About this task: Transcribe the listing verbatim. Do not carry over any pictures.

Given information:
--------------------

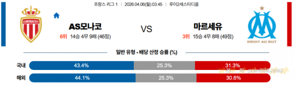 2026-04-06 03:45 리그앙 AS 모나코 올림피크 마르세유 > 축구픽게시판
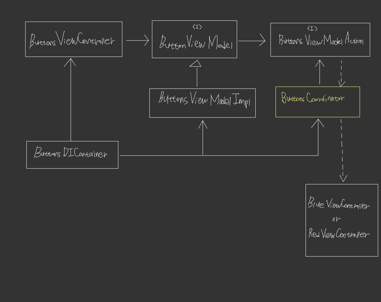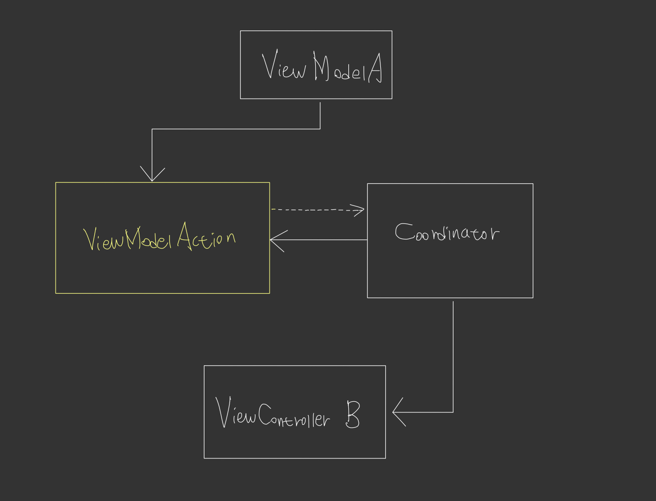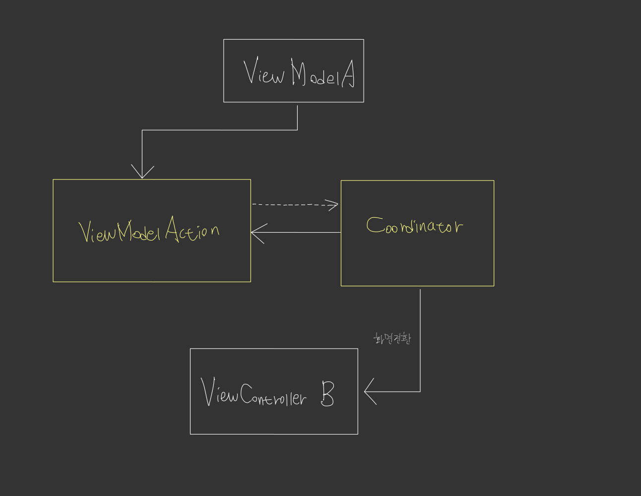 - ViewModel에서 dependencies로 가지고 있는 ViewModelAction을 통해 화면전화하는데, ViewModelAction은 Coordinator에서 구현하여 주입하는 형태
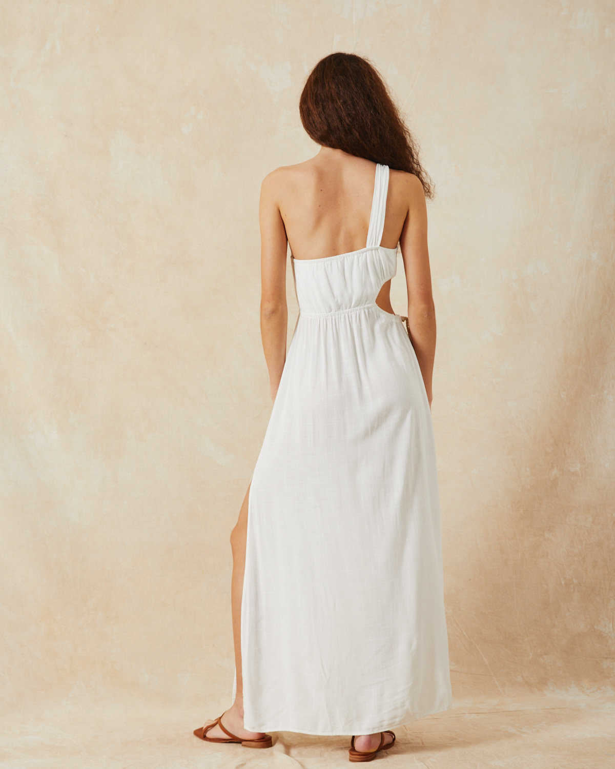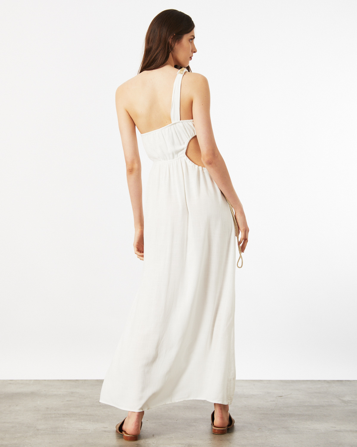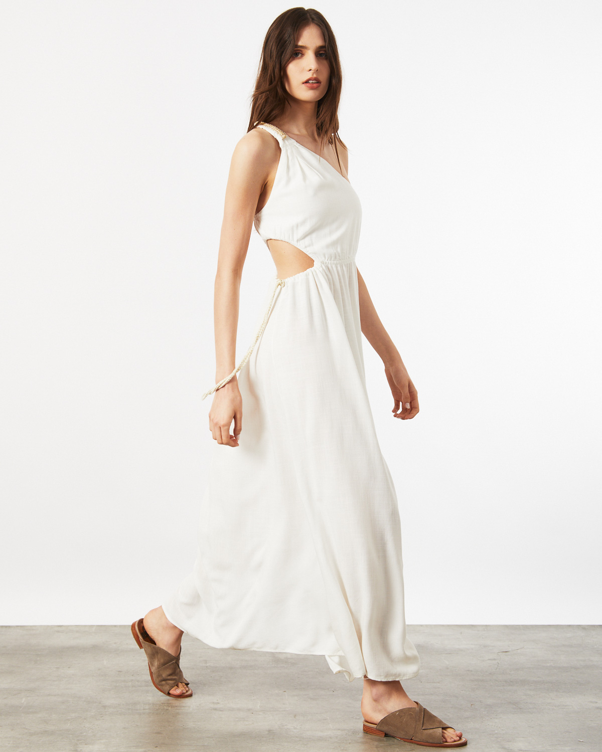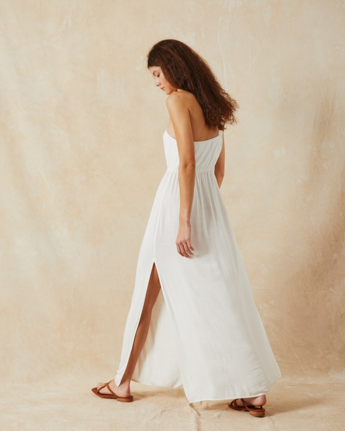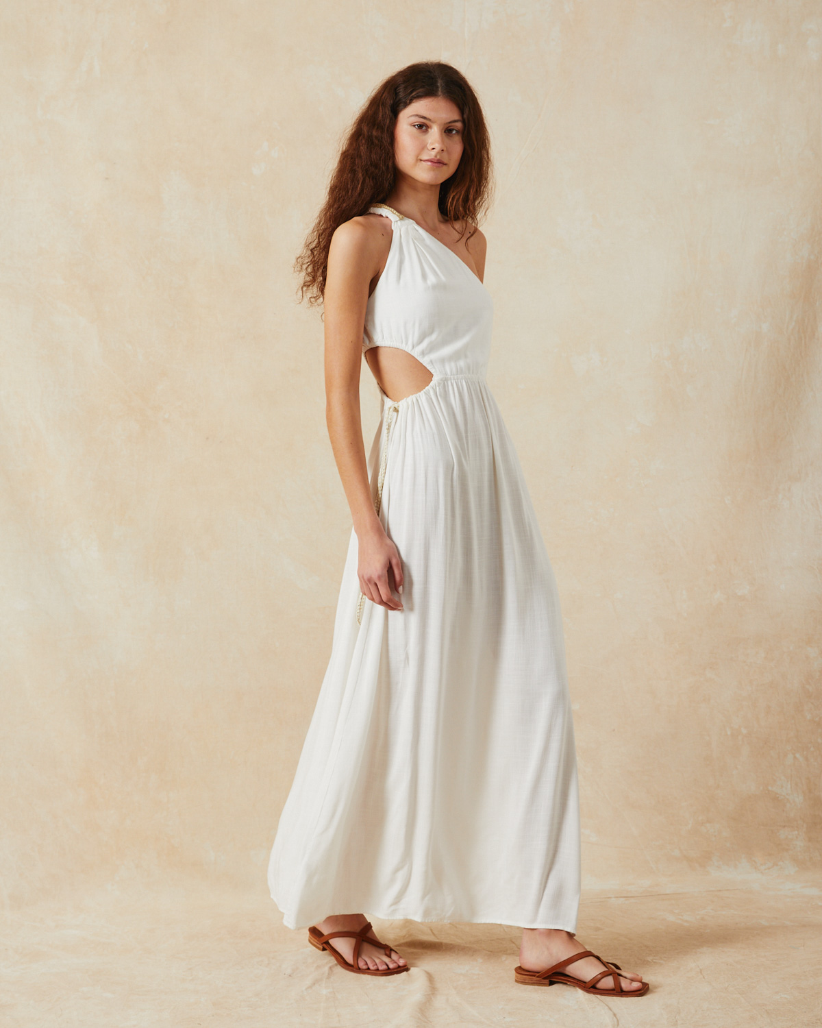 VESTIDO LARGO, ASIMÉTRICO, CONFECCIONADO EN RAYON, CON BRETEL TIPO LAZO, CALADO EN CINTURA CON CORDON COLOR CRUDO Y DORADO PARA AJUSTAR, TAJO EN BAJO FALDA.

--------------------

Output of the task:
 2026-04-06 03:45 리그앙 AS 모나코 올림피크 마르세유 > 축구픽게시판
 - ViewModel에서 dependencies로 가지고 있는 ViewModelAction을 통해 화면전화하는데, ViewModelAction은 Coordinator에서 구현하여 주입하는 형태
 VESTIDO LARGO, ASIMÉTRICO, CONFECCIONADO EN RAYON, CON BRETEL TIPO LAZO, CALADO EN CINTURA CON CORDON COLOR CRUDO Y DORADO PARA AJUSTAR, TAJO EN BAJO FALDA.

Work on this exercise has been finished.